Thursday, November 29, 2007

Position size again

This is going to be probably the most important post that I will do this year. I've gone over this before but I'm going to go over it again because I think it's doubly important right now as we possibly head into the 4 year cycle low. Position size!!!

As one might expect I received quite a number of e-mails the last two days from investors freaking out about their short positions.

Now let me reiterate again that I'm not going to be like 99% of the other bloggers and newsletter writers on the Internet. I'm not going to brag about how accurate my calls are and what a great record I've got yada yada yada. Sure it's great for subscriptions but I didn't really start this to sell subscriptions. I started the blog to help novice and intermediate level investors improve their investing skills. (Many are the days I wish I'd never started this. It's become a monster that's eating up way too much of my time.) Sure I've had a few good calls lately. I can tell you unequivocally that it was luck. Pure D luck. I'm going to tell you a secret. No one, not me, not Trade, not F-Trader, not Pattern Guy, not Mr. T, not Richard Russell, not John Hussman, not Dennis Gartman, not Warren Buffett, no one can see the future. I've guaranteed before that I'm going to be wrong on probably 40-50% of my calls. Over the long haul trust me I'm correct in telling you this. It is just senseless to search the newsletter world or Blogosphere looking for someone to confirm your bias.

So how does this relate to position sizing you ask? Well here's what I see happening.
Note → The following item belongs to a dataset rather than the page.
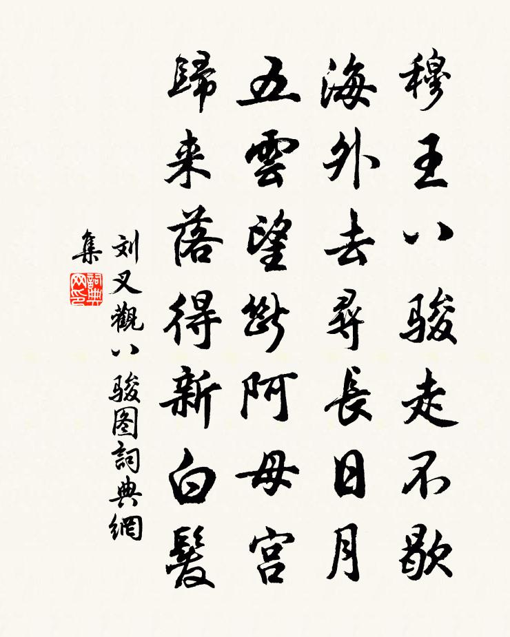 詩詞名句歷史字典書法欣賞書法字典國語詞典說文解字康熙字典古漢語字典標 題 作 者 詩 句 觀八駿圖作者:劉叉 朝代:唐代觀八駿圖原文穆王八駿走不歇,海外去尋長日月。五雲望斷阿母宮,歸來落得新白髮。詩詞問答問:觀八駿圖的作者是誰?答:劉叉問:觀八駿圖寫於哪個朝代?答:唐代問:觀八駿圖是什麼體裁?答:七古劉叉觀八駿圖書法欣賞觀八駿圖書法作品注釋全唐詩:卷395-13詩詞推薦離括日子安湯卿子貫同宿天寧方岳〔宋代〕數月蒼州住,山猶有故情,雨如知去日,詩亦了行程。官柳因寒損,僧茶帶雪清。怕無書信便,一夜語連明。題扇張鎡〔宋代〕梧竹風來玉枕涼,月高偏愛占華堂。休言境界親曾有,畫出如聞夜氣香。六月方文〔清代〕六月重衾更著綿,陰寒渾似暮秋天。我生半百何曾見?記是康熙丙午年。送隱上人還玉峰二首釋寶曇〔宋代〕西風已掛沐猴冠,人語溪聲亦少寬。家有如山牛糞火,為君煨栗勸加餐。洋州蔡交〔宋代〕武定新雄閫,豐寧舊奧墟。地兼秦蜀美,川會漢洋紆。翠壘環封嶺,清流躍野渠。安知下斜谷,別得上華胥。乾酒春夜聞笛李益〔唐代〕寒山吹笛喚春歸,遷客相看淚滿衣。洞庭一夜無窮雁,不待天明盡北飛。送孟八浩然歸襄陽二首(下篇一作王維詩)張子容〔唐代〕東越相逢地,西亭送別津。風潮看解纜,雲海去愁人。鄉在桃林岸,山連楓樹春。因懷故園意,歸與孟家鄰。杜門金縷曲(用稼軒韻作)劉將孫〔宋代〕我老無能矣。嘆人生、得開笑口,一年閒幾。去景悠悠如有待,白髮已非春事。便一笑、何曾是喜。我本漁樵孟諸偈傾一百三十三首釋法薰〔宋代〕古今日月,依舊山河。新年佛法,特地干戈。水到滄溟不是波。紅芍藥元稹〔唐代〕芍藥綻紅綃,巴籬織青瑣。繁絲蹙金蕊,高焰當爐火。翦刻彤雲片,開張赤霞裹。煙輕琉璃葉,風亞珊瑚朵。受露陰雨白居易〔唐代〕嵐霧今朝重,江山此地深。灘聲秋更急,峽氣曉多陰。 望闕雲遮眼,思鄉雨滴心。將何慰幽獨,賴此北窗琴。長思仙譚處端〔元代〕好顏容。似花紅。莫待馨香逐晚風。臨頭始悟空。妙搜窮。脫凡籠。猛烈灰心出世雄。功成三島峰。相和歌辭。怨歌行吳少微〔唐代〕城南有怨婦,含怨倚蘭叢。自謂二八時,歌舞入漢宮,皇恩弄幸玉堂中。綠陌黃花催夜酒,錦衣羅袂逐春風。建章送梵才辰吉還天台宋祁〔宋代〕歸祴卷蘭芽,城標拂曙霞。溪行鷗避錫,冉供馬銜花。翠柰經園密,蒼莓渡彴斜。暮雲他日合,相望在天涯。和蔣潁叔涇溪余良肱〔宋代〕畫舸夷猶紫翠間,暮雲如掃月如環。三山六刺須臾過,恰似嚴陵七里灘。寄鶴山魏侍郎陳宓〔宋代〕朝辭岩禁暮荒城,底是人間辱與榮。料得胸中無點累,每於夜半省鐘聲。題楊敬之贈項斯詩後曾由基〔宋代〕今古銷沉幾項斯,由來作者不祈知。看渠一片憐才意,合把黃金鑄敬之。寄題正倫侄舫齋詩二首陳瓘〔宋代〕畫舫名齋閣,端居事若何。燕知真酖毒,言即是風波。未便乘桴去,惟同載酒過。濟川如有意,南去問施羅。送胡平一赴召六絕曾豐〔宋代〕匪旦參兮伊夕樞,收藏名跡不容書。史官強立功臣傳,房本無功功有餘。禪人並化主寫真求贊釋正覺〔宋代〕髑髏歷乾,鼻孔覺寬。廓空三際,不立毫端。面目風霜殺,身心水月寒。情塵淨盡兮,萬像齊觀。名句推薦愁一箭風快,半篙波暖,回頭迢遞便數驛周邦彥《蘭陵王·柳》 出入君懷袖,動搖微風發。班婕妤《怨歌行》 勢有不可得,事有不可成。韓非及後人《韓非子·觀行》 春風只在園西畔。薺菜花繁胡蝶亂。嚴仁《玉樓春·春思》 桃花仙人種桃樹,又摘桃花換酒錢。唐寅《桃花庵歌》 枉直隨形而不在影,屈申任物而不在我列子及其弟子《列子·說符》 昔別君未婚,兒女忽成行杜甫《贈衛八處士》 請君試問東流水,別意與之誰短長。李白《金陵酒肆留別》 春風依舊。著意隨堤柳。趙令畤《清平樂·春風依舊》 三日入廚下,洗手作羹湯。王建《新嫁娘詞三首》
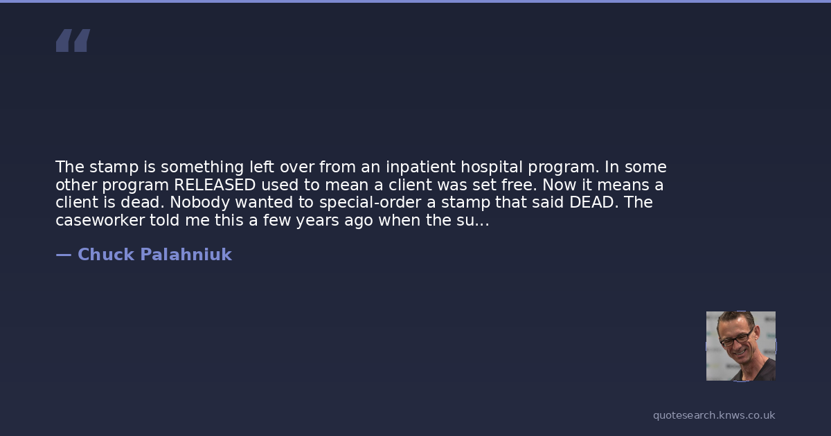 The stamp is something left over from an inpatient hospital program. In some other program RELEASED used to mean a client was set free. Now it means a client is dead. Nobody wanted to special-order a stamp that said DEAD. The caseworker told me this a few years ago when the suicides started back up again. Ashes to ashes. Dust to dust. This is how things get recycled.

From the amount of e-mails I've received quite a few investors are now on the short side. Which by itself is not a problem. Maybe I'm right about the 4 year cycle low and maybe I'm wrong. The problem is that these investors shouldn't be freaking out about a 4% bounce after the market has dropped 10%. At most they shouldn't have more than a 4% drawdown on their account and that's only if they went short at the exact bottom. If you were watching your position size you should only be down 1% or at most maybe 2%. That's nothing to freak out about.

I'm going to say it again. There's going to be huge money to be made in the commodity bull market but you can't make it if you get a case of the stupids and lose everything trying to bet too big on the decline. Big money is never ever made in bear markets, unless you take on leverage, simply because markets can only go down 100% and realistically a bear market is probably going to drop no more than 20-30%. Bull markets can easily go up 1000%.

Here is my motto and has been for several years. "If the market is going to take away any of my money it's going to have to fight me tooth and nail to get it and you better believe it's not going to get very much at any one time."